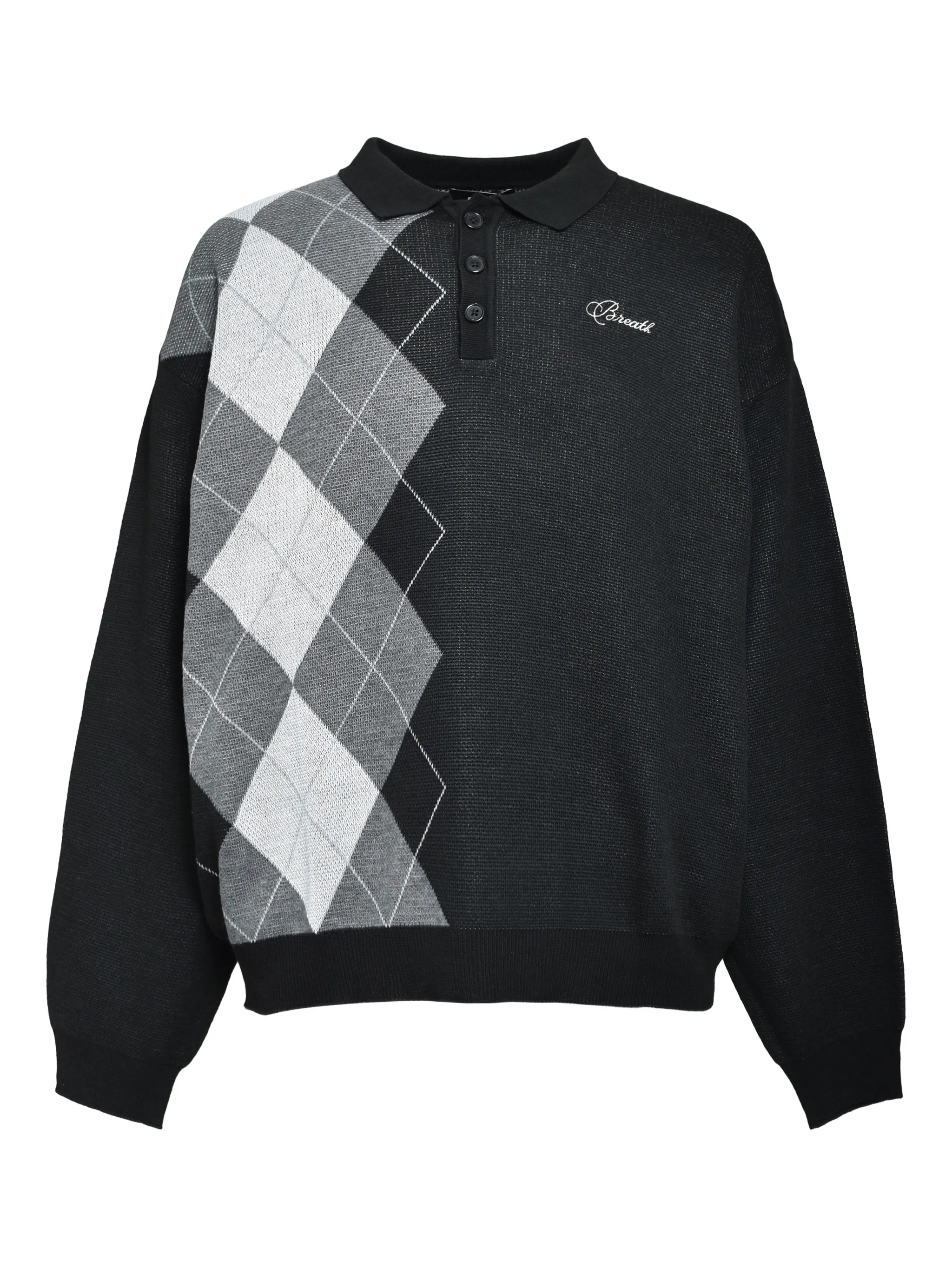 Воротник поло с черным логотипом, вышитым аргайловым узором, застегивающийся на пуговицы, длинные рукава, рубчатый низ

* * *

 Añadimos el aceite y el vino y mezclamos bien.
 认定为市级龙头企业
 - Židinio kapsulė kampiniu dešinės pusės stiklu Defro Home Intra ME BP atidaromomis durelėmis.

EXERCISE: Within the listing above, extract exactly the lines from the line with "Añadimos el aceite" to the line with "- Židinio kapsulė", the two named lines included, and no others.

RESPONSE BELOW:
 Añadimos el aceite y el vino y mezclamos bien.
 认定为市级龙头企业
 - Židinio kapsulė kampiniu dešinės pusės stiklu Defro Home Intra ME BP atidaromomis durelėmis.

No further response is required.